E infine si arriva alla spiaggia, dove sorge la porta di non ritorno, un imponente arco dal sapore sovietico, dove predomina il colore rosso della terra beninese, ornato da bassorilievi che rappresentano due file di africani incatenati; sulla base sono scolpite le immagini di simboli vudù e ai due lati si ergono due grandi opere in bronzo postmoderne, che dovrebbero rappresentare gli schiavi che si liberano dalle catene.

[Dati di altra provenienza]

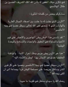 جلالة الملكة نور الحسين – زوجة الحسين بن طلال – غردت على تويتر مساء أمس وباللغة الانجليزية ' Happy birthday beloved.Thank u 4 ur loving heart &inspiring exmple of humanity,integrity&dedicated compassionate,principled leadershipRIP”.

SOGNARE ALL'AEROPORTO DI COTONOU

Al golfo del Benin stacci attento, per uno che ti scappa ne restan buoni cento.
(Proverbio negriero)

La spiaggia di Grand Popo si trova a soli 25 chilometri dal Togo ed è molto simile a quelle di Ouidah e di Lomè: le stesse palme, la stessa aria polverosa, la stessa sabbia scura, le stesse immense onde bianche. Qui però ci sono degli ombrelloni di paglia, con le sedie a sdraio quasi tutte vuote, e alcuni venditori indigeni o addirittura nigerini; per pranzo mangio un fantastico barracuda con contorno di platano fritto aloko e poi riusciamo a farci cambiare in euro i CFA che ci sono avanzati.
Solo quaranta chilometri di strada asfaltata separano Ouidah da Cotonou, il cuore economico del Benin, ma il tempo di percorrenza è comunque infinito per via del traffico delirante. Un incidente stradale ha causato dei morti, che sono stesi per terra tra i gas di scarico. Auto, minibus, motociclette sono carichi di mercanzie e gente pigiata, in molti casi contro ogni legge della fisica. Le moto sono milioni e questa è una delle più grandi novità di questo viaggio in Africa occidentale: le fiumane di gente che procede a piedi si sono assottigliate, sostituite dalle scoppiettanti due ruote cinesi. Mi ha sorpreso molto anche il fatto che − pur avendo percorso minimo 1500 chilometri − mai una volta ci hanno chiesto una tangente a un posto di blocco.
Al ristorante di Cotonou finalmente capisco che il pollo non vale niente e che bisognava ordinare la ben più polposa pintade (faraona), che nella fattispecie ho mangiato con contorno di igname pilè (come chiamano il fufu in Benin). Meglio tardi che mai.
Arriviamo con larghissimo anticipo all'aeroporto di Cotonou. Le sedie della sala d'attesa sono ancora tutte vuote e io mi addormento in una posizione scomodissima. Nel sogno cattolici, protestanti, cristiani celesti, islamici e animisti stanno tutti seduti sotto lo stesso tendone e insieme battono le mani e cantano; poi i ritmi e i riti del Golfo di Guinea diventano balli caraibici e messe cantate nelle chiese del sud degli Stati Uniti, le maracas beninesi vengono usate per uno spettacolo sulla scalinata di Trinidad, a Cuba, e gli stessi vestiti colorati con i lucchetti e le foglie sono indossati da uomini e donne di Bahia. I poliziotti neri delle serie americane non hanno le scarificazioni ma io li riconosco lo stesso, mentre le bambine di Haiti parlano spagnolo ma sono piene di treccine.
Un bambino che piange mi sveglia, i sedili si stanno riempiendo dei pochi passeggeri che sono in procinto di partire, il bocchettone dell'aria mi arriva proprio in testa, esco a fumare l'ultima sigaretta.